The XML Extract Component is a transformation component used to extract column data from XML documents. Configure your outputs by importing an example XML, Importing an XSD schema, or manually adding/removing nodes. From there just configure the columns for each output and the component is ready to extract data from XML documents from the Input.
This page allows you to import an example XML document or an XSD schema to generate the expected hierarchy of incoming XML documents. From there you can add and remove nodes manually to refine the structure.
Once you've added some nodes by either importing or manually adding, you may need to refine the structure by editing the node properties. The following properties will have an effect on the extract process:
- XML Name - This is the name of the element or attribute as it is in the expected XML. Notice when this property is changed the XPath and Data Name properties are automatically updated.
- Data Name - This is the name of the Output (green rows) or Column (yellow rows). Notice that some rows do not have a Data Name property. This is because these are nodes that define hierarchy and have no immediate value to extract. These nodes are important however because it affects the XPath of child nodes.
Type - There are 5 different XML node types to choose from:
- CollectionElement - This node contains a list of elements. Notice the XPath of the child elements will contain a '[n]' at the end. This means this element repeats. This node can only have one non-attribute child.
- ComplexElement - This node often just defines hierarchy and is simply a node that contains nodes.
- ComplexElements - This is a ComplexElement that will repeat multiple times at the current XPath position (Notice the '[n]' at the end of the XPath to indicate this).
- Element - This node is a basic element with containing a value.
- Attribute - This node is an attribute of the parent node.
Prefix - This contains a list of prefixes defined in the Namespaces table in the General Page, along with two special values:
- <<Inherit>> - This node has the same prefix used by its parent. If there is no parent, then there is no prefix.
- <<None>> - This node will use no prefix, even if its parent does.
- XPath - This property is not editable but instead generated based on the above properties.
Configure Input and Output settings, along with defining namespaces.
Specifies the input column that contains the XML to extract.
- Null Mode
Specifies what represents a NULL value in the XML. There are three options:
- Not Found - If an element cannot be found then the value is NULL.

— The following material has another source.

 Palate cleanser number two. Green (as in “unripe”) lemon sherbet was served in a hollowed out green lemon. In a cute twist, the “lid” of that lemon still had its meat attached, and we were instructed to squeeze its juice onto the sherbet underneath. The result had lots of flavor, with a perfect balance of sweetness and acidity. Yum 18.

- Empty String - If an element cannot be found or is empty then the value is NULL.
- xsi:nil - If an element cannot be found or the element has an attribute of "xsi:nil" set to "True" then the value is NULL.

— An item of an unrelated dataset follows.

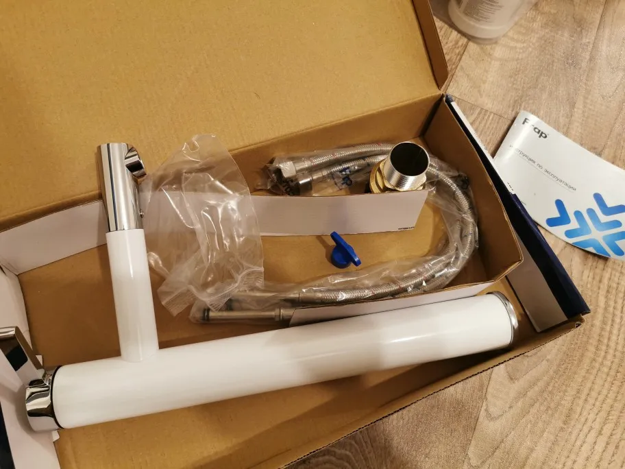 Кран оказался с подковыркой, протекал. Продавец на связь вышел оперативно, но включил режим "открути, посмотри, фото пришли..." простого видео на котором видно, что вода явно травится и явно не в месте подсоединения гибкого шланга (внутри корпуса на внутреннем соединении между картриджем и удлинителем) ему показалось мало. В моём случае оказалось быстрее разобраться с явным инженерным просчётом и "допилить изделие напильником после сборки..." самому, но не факт что все так смогут. Доставка до СПб СДЭКом, который уже не в первый раз вызывает недоумение тем, что 1-х заказ подолгу висит на транзитных складах, 2-х у курьерской службы есть проблемы с отзвоном и пунктуальностью.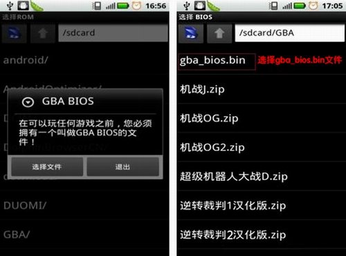 2、兩個(gè)下載完成后, 首先將GameBoid漢化版.apk安裝到手機(jī)上。 然后在SD卡中新建一個(gè)文件夾,將gba_bios.bin 放入其中即可。(例如:新建一個(gè)文件名為GBA的文件夾,則gba_bios.bin文件的存放位置為SD卡/GBA/gba_bios.bin)

In the Outputs data grid, you can check and uncheck outputs to specify if you wish to have these outputs in your component. You can also configure the following properties:
- Output Name - The name of the output
- Key Field - This specifies the identifier column for this output. This is important for linking outputs with each other. By default, the Key Field is set to '_RowIndex' which is a special field that contains the current count of this output element. This is useful because many times an XML object will have no key field because relationships are defined hierarchically. During runtime, the value of this field will go into the _ParentKeyField field of all of this output's children.
Add and remove namespaces (by clicking the '+' and '-' buttons) and assign them prefixes. Note, the prefix does not need to match that of the incoming XML. It is simply used as an alias in XPaths that use this namespace.
Configure column settings for each output.
Select the output whose columns you wish to configure in the top left combo box. Select a column in the data grid on the left to populate its properties in the property grid on the right. There are a couple of special columns to take note of:
- _RowIndex - This column contains the current count of this output element.
- _ParentKeyField - This column contains the value of this records parent key field.
This page allows you to specify how errors should be handled when they happen.
- There are three options available.
- Fail on error
- Redirect rows to error output
- Ignore error
When the Redirect rows to error output option is selected, rows that failed to be sent will be redirected to the 'Error Output' output of the Transformation Component. As indicated in the screenshot below, the blue output connection represents rows that were successfully sent, and the red 'Error Output' connection represents rows that were erroneous. The 'ErrorMessage' output column found in the 'Error Output' may contain the error message that was reported by the component.